Mr. D’Silva said two-wheelers parked in multiple rows on the left side of Broadway made life difficult for the public and traders alike. He said Broadway had become congested because employees of a shopping complex, sandwiched between Shanmugham Road and Broadway, parked their vehicles on the road.

“Employees of the shops in this trading complex have made Broadway the de facto parking space for their two-wheelers. This has cramped the 250-metre stretch of Broadway right from its entry point,” he said.

Complaint lodged

BSOA has lodged complaints with the City Police Commissioner and the Assistant Commissioner of Police, Traffic, seeking a permanent solution to this problem.

P.A. Sageer, president, BSOA, warned that shop owners would be forced to resort to protests if authorities concerned failed to address the issue.

“The business in shops facing the illegal parking area has taken a severe beating. Our efforts to sort out the issue with owners of the shopping complex have proved futile,” he said.

K.S. Baby Vinod, Assistant Commissioner of Police, Traffic West, said the police regulated parking at Broadway this festive season by deploying additional men and conducting bike patrol.

“The idea is to continue the arrangement and restrict parking to just one row and that too where space is available. Declaring Broadway a no-parking zone is the possible permanent solution. But it draws opposition from a section of traders,” he said.

In fact, the Ernakulam Merchants Union, now rechristened Kerala Merchants Union, along with the City Corporation had made Broadway a no-parking area a few years back. But that experiment fizzled out.
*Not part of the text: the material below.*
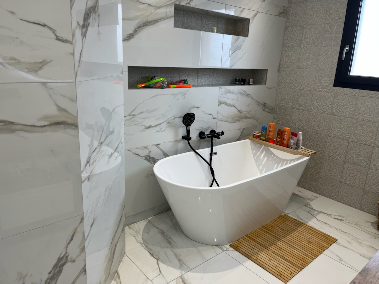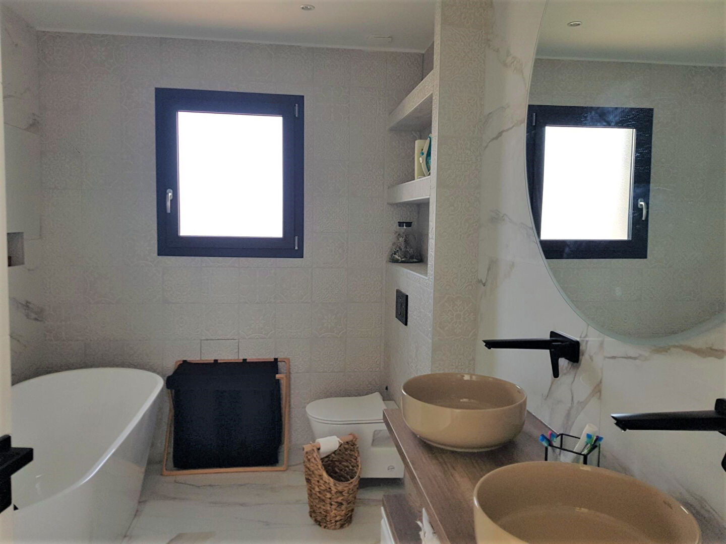 EN EXCLUSIVITE - Maison contemporaine élégante et raffinée de 157m2 récente , lumineuse avec des prestations haut de gamme, sur un terrain de 580m2 située sur le côteau de Roussillon à 18 mn de Vienne Sud et 45 mn de Lyon à proximité de toutes les commodités. Elle offre 4 chambres à l'étage dont une suite parentale avec salle d'eau et dressing privé + une salle de bain luxueuse. Une pièce à vivre avec une belle hauteur de plafond, beaucoup de charme, trés classe, agrémentée d'une cuisine américaine entièrement équipée haut de gamme, d'un salon avec de grandes baies vitrées 3 pans et volets roulants BSO. Piscine 8X4m plein sud à terminer. (4.26 % honoraires TTC à la charge de l'acquéreur.) Evelyne LEVRA (EI) Agent Commercial - Numéro RSAC : 385098785 - GRENOBLE.

Gopal Shenoy, general secretary, Kerala Merchants’ Union, said the experiment facilitated smooth progress of trade along Broadway. However, the adjoining Cloth Bazaar Road and Market Road became clogged with parked vehicles and a section of traders there suffered.

Later a section of traders in Broadway allowed customers to park their two-wheelers while making purchases, but this led to customers parking their vehicles and cramping the road.

Mr. Shenoy said the police seemed to be considering the possibility of bringing back a parking ban in Broadway.

“In that case, we will ask for a similar ban on Cloth Bazaar Road and Market Road to avoid a repeat of the past,” he said.

Kerala Merchants’ Union is all set to hold a meeting with the police and BSOA to find a permanent solution to the parking woes of Broadway.